Dobbins is my pick to be this year’s Miles Sanders — a middle-round rookie running back who seizes the starting role midseason and runs rampant during the fantasy playoffs. His 2019 stats at Ohio State were mind-boggling: 1,208 rushing yards after contact (second), 4.01 rushing yards after contact per attempt (second) and 31 runs of 15-plus yards (first).

The Ravens have PFF’s reigning No. 1 rushing offense, and 2020 should be more of the same with Greg Roman calling plays for Lamar Jackson and the league’s third-best run-blocking unit. Mark Ingram blew away expectations last year with 1,018 rushing yards and 15 total touchdowns, but he will be 31 years old in December and Baltimore drafted Dobbins in the second round of the 2020 NFL Draft to be the future at the position.

While Ingram was solid last year (78.7 PFF grade, ninth), he started showing signs of decline toward the end of the year before suffering a calf injury that essentially ended his season. From Week 9 on (including playoffs), Ingram had only one game with more than 80 rushing yards. If Ingram starts breaking down in the middle of the 2020 season, a fresh Dobbins will be ready to pounce.

Though it took a Jordan Howard injury to spark the Sanders breakout, that is part of the beauty in fading a 30-year-old running back. Dobbins will be a key cog in the Ravens' run-centric offense regardless, and playing behind an older back creates an additional path to fantasy stardom. The Ravens have the seventh-easiest RB strength of schedule in 2020.

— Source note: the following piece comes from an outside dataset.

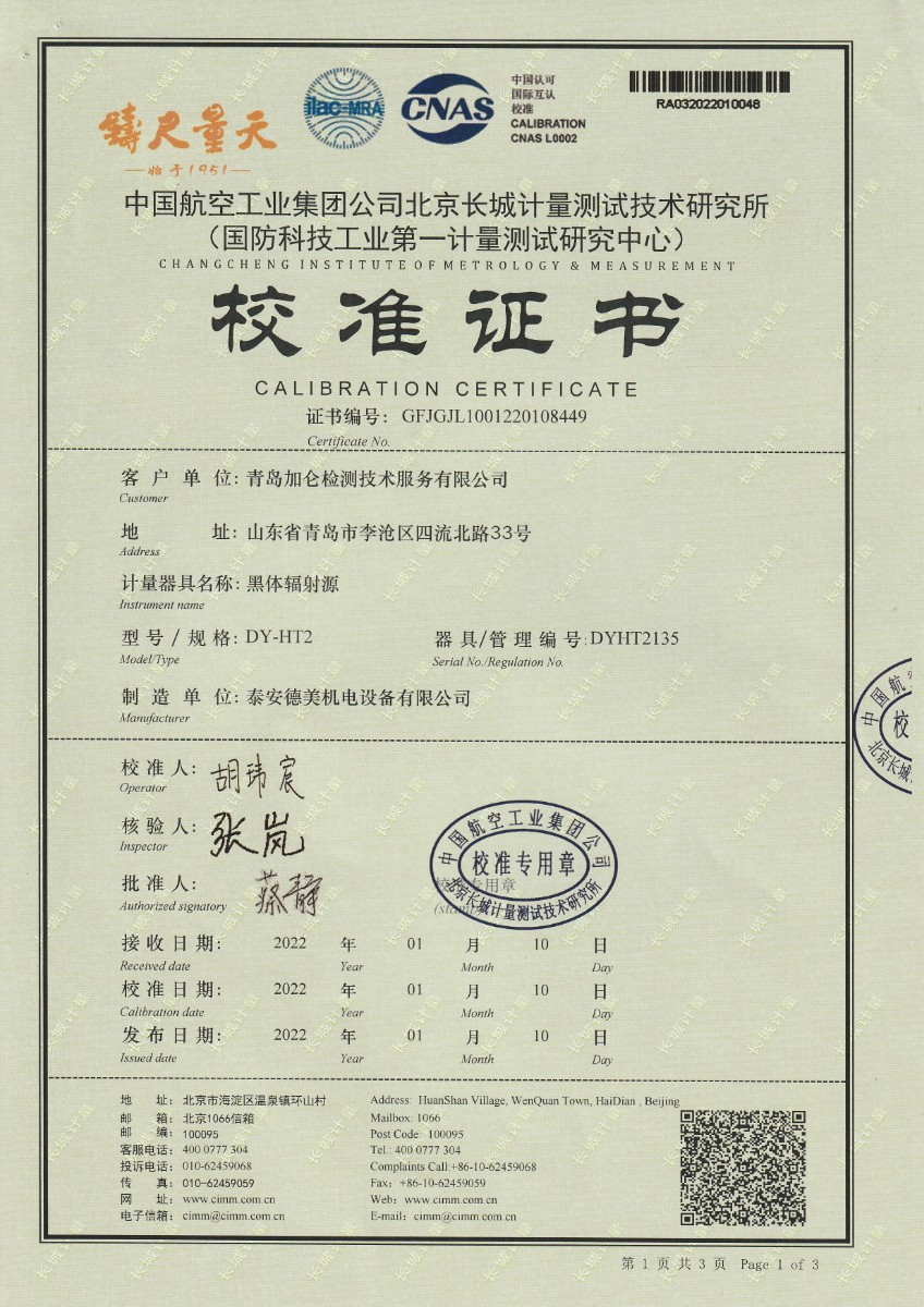 青島加侖檢測(cè)技術(shù)服務(wù)有限公司-黑體輻射源 2022-2-7 本文被閱讀 18036 次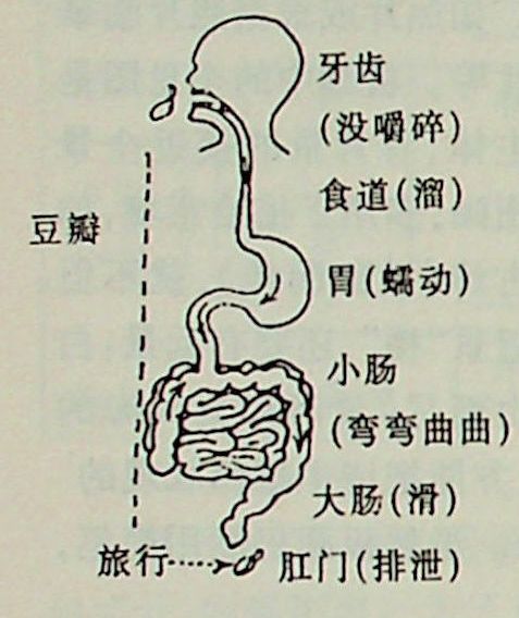 解剖图有别于剖面图,它可以充分显示事物的结构、细节。综合运用纵剖、横剖、平面、立面等各种手段,作整体的或局部的解剖。如《我的旅行》(六年制第五册)的板画设计(见左下图)。

Phillip Lindsay (ADP: RB42 | PFF Consensus Rank: RB43

Here are the running backs with the three best rushing grades since 2018:

  1. Nick Chubb – 92.0
  2. Derrick Henry – 88.6
  3. Phillip Lindsay – 87.8

Pretty good company for Lindsay, who continues to be underestimated by even his own team considering the Broncos signed Melvin Gordon this offseason.

Talent usually wins out, and I am willing to place my bet on the smaller and more talented player who also happens to have a significantly cheaper draft cost. This story seems all too familiar — fantasy owners reached for Gordon last offseason while overlooking the smaller and more talented Austin Ekeler. Everyone knows how that story ended, and the resemblance in Denver is striking.

Gordon’s play was a disaster in 2019 (66.0 PFF grade, 41st), especially when compared to Lindsay (71.3 PFF grade, 25th). Gordon averaged a pathetic 2.46 rushing yards after contact per attempt (50th) and just 3.8 rush yards per attempt (45th). Lindsay was much better at 2.71 yards after contact per attempt (38th) and 4.5 yards per carry (22nd).

Lindsay is one of only four running backs with 300-plus attempts and zero fumbles on runs since 2018. Gordon coughed up the football four times last year, including an agonizing fumble at the goal-line that cost the Chargers a game against the Titans.

PFF’s Ben Linsey analyzed Lindsay’s performance by highlighting his excellence at consistently avoiding contact. Lindsay has averaged an impressive career 2.4 rushing yards before contact (third), with his 2018 mark the highest by any RB over the last three seasons.

Lindsay has the killer combination of elite vision with game-breaking wheels, making him a home-run threat every time he touches the football — he has 15 runs of 20-plus yards since 2018 (seventh), five of which have gone for touchdowns (second).

With running backs in such high demand, Lindsay is far too talented to be lasting into the ninth round and beyond of fantasy drafts. Gordon was Wally Pipped last year by Ekeler, and it would not shock me if it happens to him again in 2020, this time by Lindsay.